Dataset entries
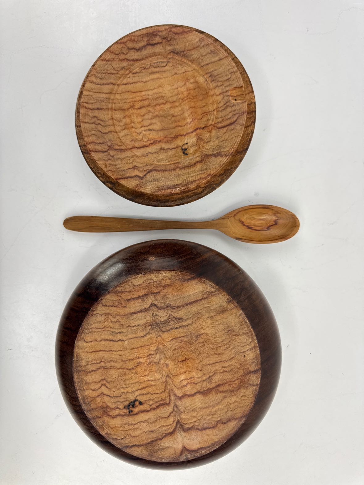 Carved wooden tureen with a spoon, made from a dense and nicely figured wood that looks like bocote (the spoon looks like another species). In very good vitnage condition with some light scuffs and fading.
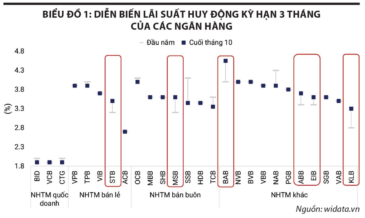 Ngược lại, nhóm ngân hàng tư nhân lại chứng kiến diễn biến phân mảnh hơn. Trong nhóm bán lẻ, Sacombank (mã STB) nổi bật với mức tăng lãi suất huy động rõ rệt nhất, đạt 3,5%/năm vào cuối tháng 10, tăng 30 điểm cơ bản so với đầu năm. Mặc dù tốc độ tăng trưởng tín dụng và huy động của Sacombank khá cân bằng, sự nhạy cảm của ngân hàng này trước biến động lãi suất huy động xuất phát từ cơ cấu vốn đặc thù: Có tới 76% tổng nguồn vốn đến từ tiền gửi khách hàng, cao hơn đáng kể so với mức trung bình 60% của nhóm ngân hàng bán lẻ. (Bang 1)
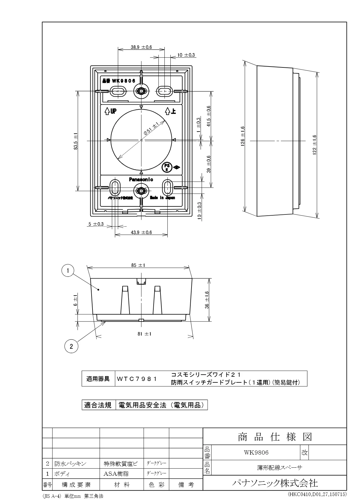 品番:WK9806品名:薄形配線スペーサ
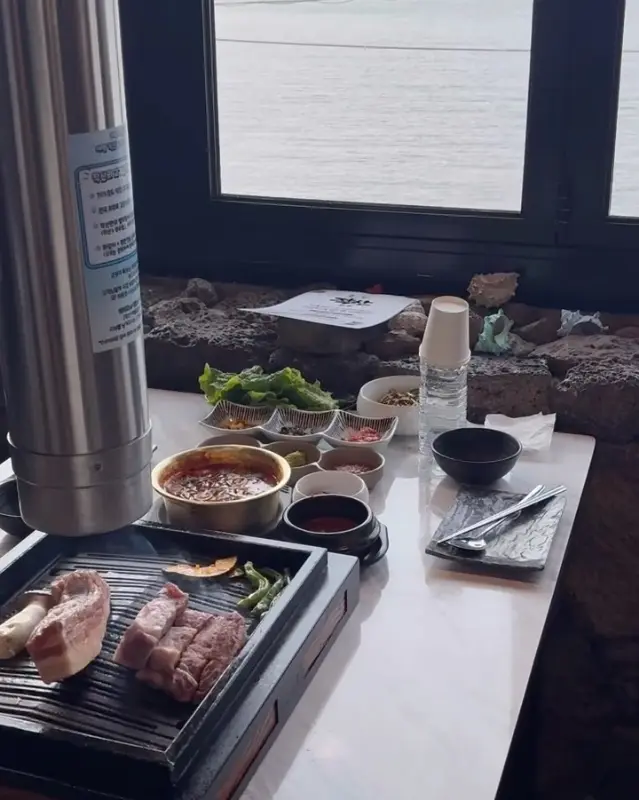 작산 애월흑돼지는 맛뿐만 아니라 분위기 또한 훌륭합니다. 통유리창 너머로 펼쳐지는 애월의 푸른 바다는 그야말로 장관입니다. 저는 창가 자리에 앉아 식사를 했는데, 마치 바다를 바라보며 고기를 먹는 듯한 낭만적인 기분을 느낄 수 있었습니다. 특히 해질녘에 방문하면 붉게 물드는 하늘과 바다를 감상하며 더욱 특별한 식사를 즐길 수 있습니다.
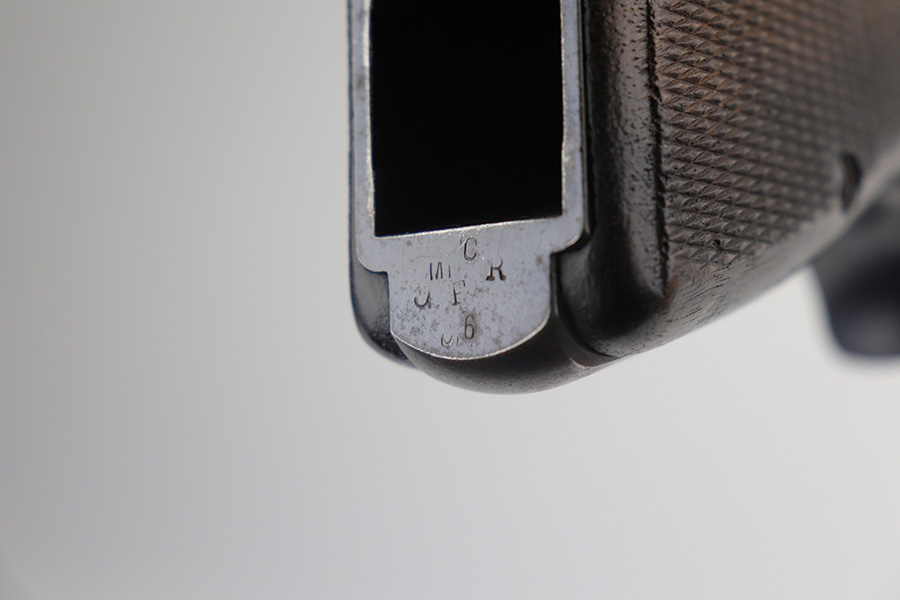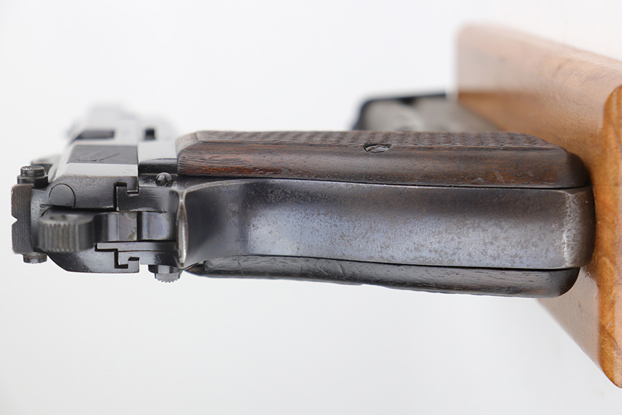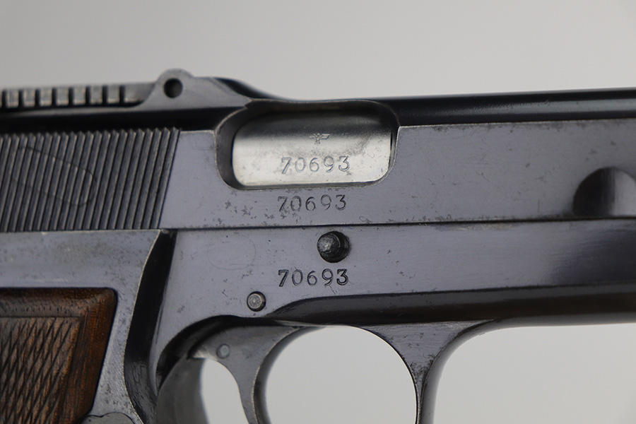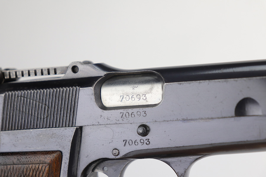 11/29/21 – This is an early Nazi FN Browning High Power with tangent rear sight and WaA103 proofs on slide, frame and magazine. It’s all matching and original with about 96-97% of the blue remaining. There is very little actual bluing loss on this one, just minor high edge wear. It does have visible patina/oxidation on the grip straps and right side of the pistol though. All matching and original. The grips show some handling wear but no cracks or chips. Bore has decent rifling but some freckling and frost throughout.
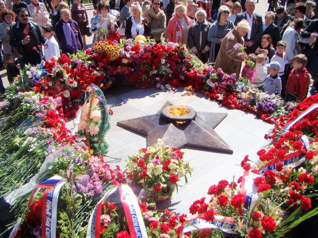 На фотах еще видно высотку (точнее 4-х этажку, до высотки благо не доросла), кот. должны по суду снести, надеюсь к след. Дню Победы уже не будет этого чуда на костях…
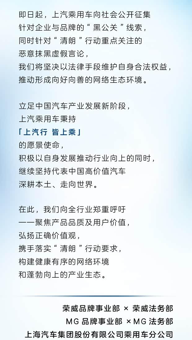为净化网络环境,上汽乘用车即日起面向社会公开征集有关企业和品牌的"黑公关"线索。同时,针对近期"清朗"专项行动重点打击的网络恶意造谣行为,公司将坚决运用法律武器维护合法权益,共同营造健康有序的网络空间。
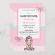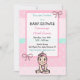 Niña dibujada a mano, rosa y verde azulada, la polka da y trae invitaciones a Baby Shower.
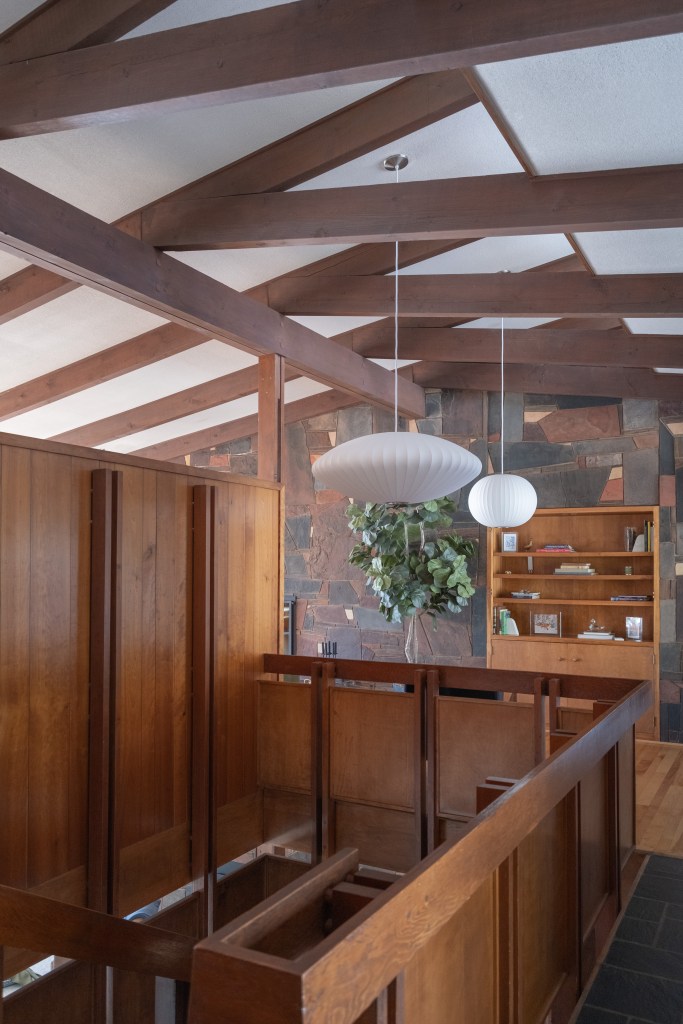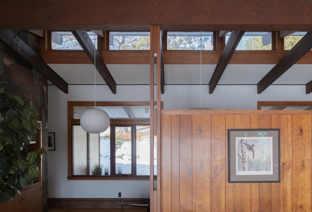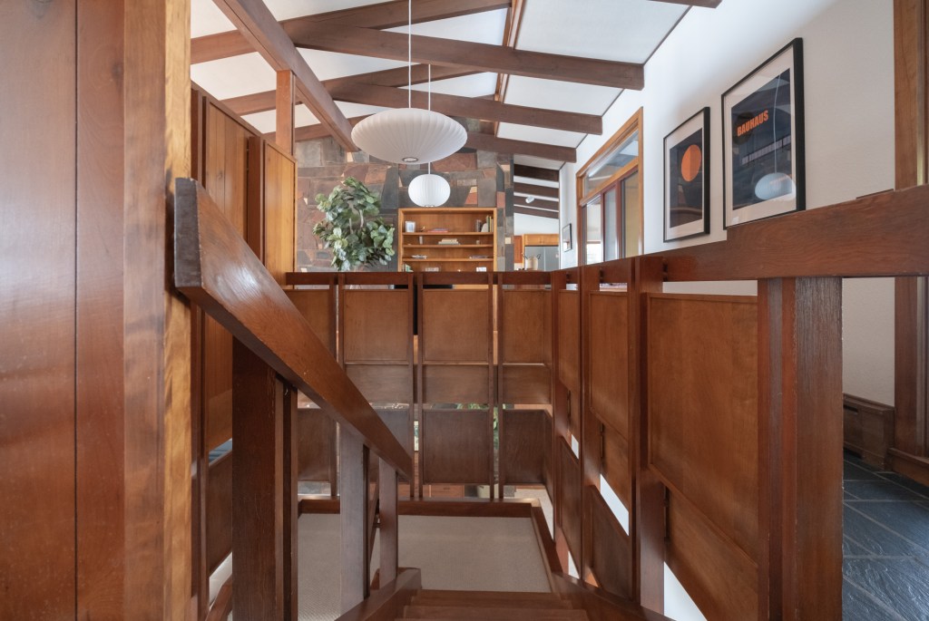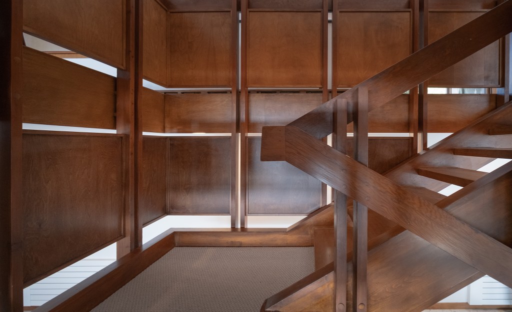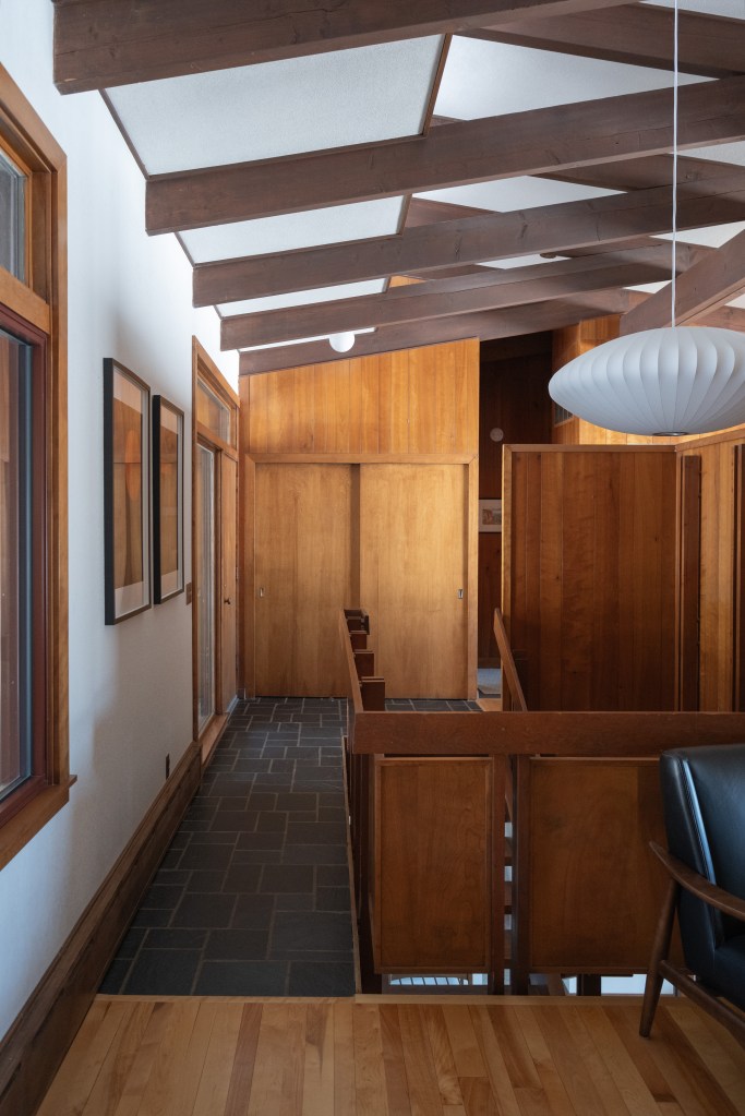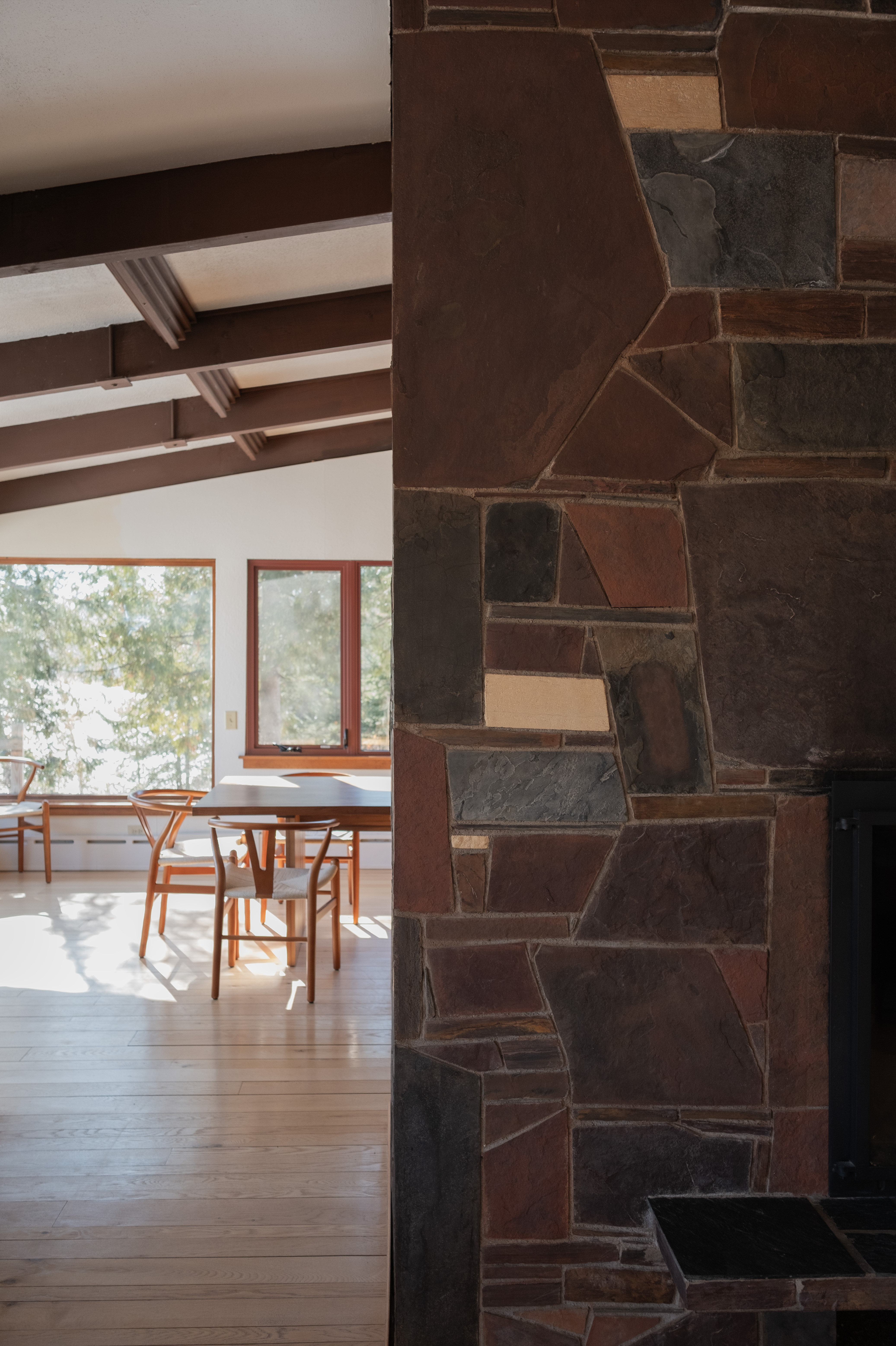 The original design of the Jyring & Whiteman home features a solid wood floating staircase that was missing guard rail panels which we simulated and seamlessly matched for safety. The other significant component of the original design is the dual floor fireplace volume constructed of Mesabi Red stone masonry. The entire design is a tribute to the lake country from the iron range to the arrowhead and all of the portages in between.

- What is required
Although the records above contain pictures, the copy must not; set down exactly the lines from the one with "작산 애월흑돼지는 맛뿐만" up to and including the one with "На фотах еще".

- Answer for this exercise
 작산 애월흑돼지는 맛뿐만 아니라 분위기 또한 훌륭합니다. 통유리창 너머로 펼쳐지는 애월의 푸른 바다는 그야말로 장관입니다. 저는 창가 자리에 앉아 식사를 했는데, 마치 바다를 바라보며 고기를 먹는 듯한 낭만적인 기분을 느낄 수 있었습니다. 특히 해질녘에 방문하면 붉게 물드는 하늘과 바다를 감상하며 더욱 특별한 식사를 즐길 수 있습니다.
 11/29/21 – This is an early Nazi FN Browning High Power with tangent rear sight and WaA103 proofs on slide, frame and magazine. It’s all matching and original with about 96-97% of the blue remaining. There is very little actual bluing loss on this one, just minor high edge wear. It does have visible patina/oxidation on the grip straps and right side of the pistol though. All matching and original. The grips show some handling wear but no cracks or chips. Bore has decent rifling but some freckling and frost throughout.
 На фотах еще видно высотку (точнее 4-х этажку, до высотки благо не доросла), кот. должны по суду снести, надеюсь к след. Дню Победы уже не будет этого чуда на костях…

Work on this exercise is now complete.